Gengoscript Language Guide

This page describes the public language model of Gengoscript. It is intended to help readers write and review scripts, not to serve as an internal implementation dump.

For library functions, see stdlib.md. For embedding and capability control, see embedding.md.

Design Shape

Gengoscript is a small host-embedded language with:

  • explicit imports;
  • nominal types for domain modelling;
  • bounded execution under host control; and
  • no ambient access to the machine.

The syntax is intentionally compact and broadly familiar to anyone who has used Go-like languages.

Modules and Imports

Imports are explicit:

std  := import("std")
http := import("cap:http")
db   := import("host:db")
math := import("./math")

Kinds of import:

  • std for the standard library;
  • cap:* for host-enabled capabilities such as HTTP or filesystem access;
  • host:* for host-defined modules; and
  • relative imports such as ./math for source modules.

Built-ins are accessed through namespaces such as std.io.println(...) and std.core.len(...). Legacy global forms such as println(...) are not supported.

Values

The language includes:

  • int
  • float
  • bool
  • string
  • rune
  • null
  • error
  • arrays
  • maps
  • structs
  • functions

Strings are UTF-8. std.core.len(s) counts Unicode code points, while std.core.bytelen(s) counts bytes.

Variables and Constants

Common declaration forms:

name := "gengo"
const limit := 10
count int = 3
const port Port = Port(443)

Assignment uses =. Compound assignment such as += and -= is supported. const bindings cannot be reassigned, though mutable values stored inside them may still be mutated.

Literals

Strings:

"escaped"
'raw'

Multiline raw strings use a Zig-style \\ prefix per line:

msg :=
    \\Hello
    \\World

Rune literals use backticks:

`A`
`å`
`🙂`

Collections

Arrays:

nums := [1, 2, 3]
std.io.println(nums[0])

Maps:

user := {name: "Ada", active: true}
std.io.println(user.name)

Structs:

type User struct {
    name string
    age  int
}

u := User{ name: "Ada", age: 37 }

Arrays and strings support slicing with a:b, :b, and a:.

Control Flow

Conditionals:

if score >= 10 {
    return "ok"
} else {
    return "retry"
}

Loops:

for i := 0; i < 3; i++ {
    std.io.println(i)
}

Iteration:

for item in items {
    std.io.println(item)
}

Pattern-based branching uses switch.

Functions

Functions are declared with func:

func add(a int, b int) int {
    return a + b
}

Gengoscript supports closures, methods, and multi-value returns. Functions may be exported from a source module with pub.

Named Types

Named types are central to the language. They let scripts model domain rules directly instead of treating everything as unstructured maps and validating later.

Named scalar types:

type UserId string
type Port int range 1..65535
type Hour int cycle 0..23

Range types reject out-of-range values at construction time:

type Severity int range 0..5

s := Severity(3)   // ok
// Severity(9)     // runtime range error

Cycle types wrap through their declared domain during arithmetic:

type Hour int cycle 0..23

h := Hour(23)
std.io.println(h + Hour(1))  // 0

Subtypes allow narrower domains inside an existing named type:

type Percent int range 0..100
subtype PassingGrade Percent range 60..100

Enums and Variants

Enums provide closed sets of values:

type Mode enum { dev, staging, production }

Variants model tagged alternatives:

type Event variant {
    Metric  { name string, value int },
    Ping,
    Error   { message string },
}

Use switch to branch on variant values:

switch ev {
    case Event.Metric:
        return ev.name
    case Event.Error:
        return ev.message
    default:
        return "ok"
}

Capability Imports

Capabilities are not available unless the host enables them.

Current public capability modules:

  • cap:http
  • cap:fs
  • cap:net

If a script imports a capability the host has not enabled, compilation fails.
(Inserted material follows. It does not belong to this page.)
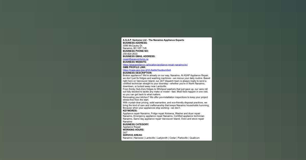 A.S.A.P. Ventures Ltd - The Nanaimo Appliance Experts

Filesystem access is further restricted to host-registered mounts.

Host Modules

Host-defined modules let the embedding application expose a narrow integration surface:

db := import("host:db")

Scripts can call only the functions the host registered. There is no ambient reflection or implicit access to host functionality.
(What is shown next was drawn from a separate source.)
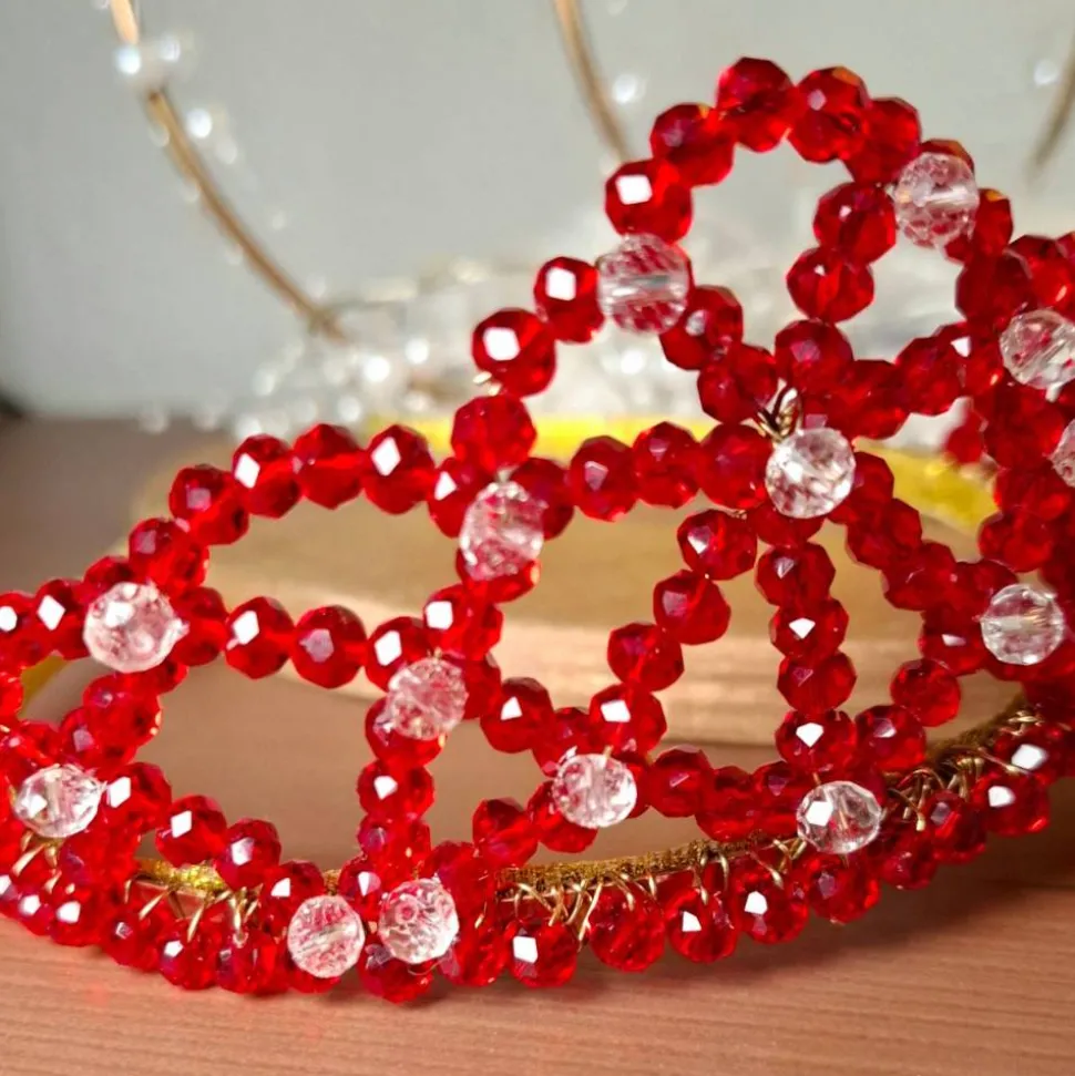 Entfalte deine innere Königin mit der handgefertigten Krone aus roten Perlen von Scent of Beauty Design. Dieses edle Diadem strahlt in intensivem Rubinrot, veredelt durch funkelnde Kristallakzente, die im Licht magisch leuchten. Jede Krone wird mit Liebe, Geduld und einem Hauch Magie gefertigt und besticht durch ihre einzigartige Qualität.

Errors and Runtime Behaviour

Gengoscript distinguishes:

  • compile errors;
  • runtime errors; and
  • first-class error values created inside the language.
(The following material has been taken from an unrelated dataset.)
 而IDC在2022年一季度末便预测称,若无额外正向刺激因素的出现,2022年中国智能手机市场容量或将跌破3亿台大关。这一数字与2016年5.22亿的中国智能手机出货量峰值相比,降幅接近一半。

The host may also enforce:

  • an instruction budget;
  • heap limits;
  • frame and stack limits; and
  • capability restrictions.

These limits are part of normal embedding, not exceptional deployment machinery.

Practical Reading Order

If you are new to the language:

  1. read tutorial-first-script.md;
  2. return here for the main language model; and
  3. use stdlib.md as the function reference while writing scripts.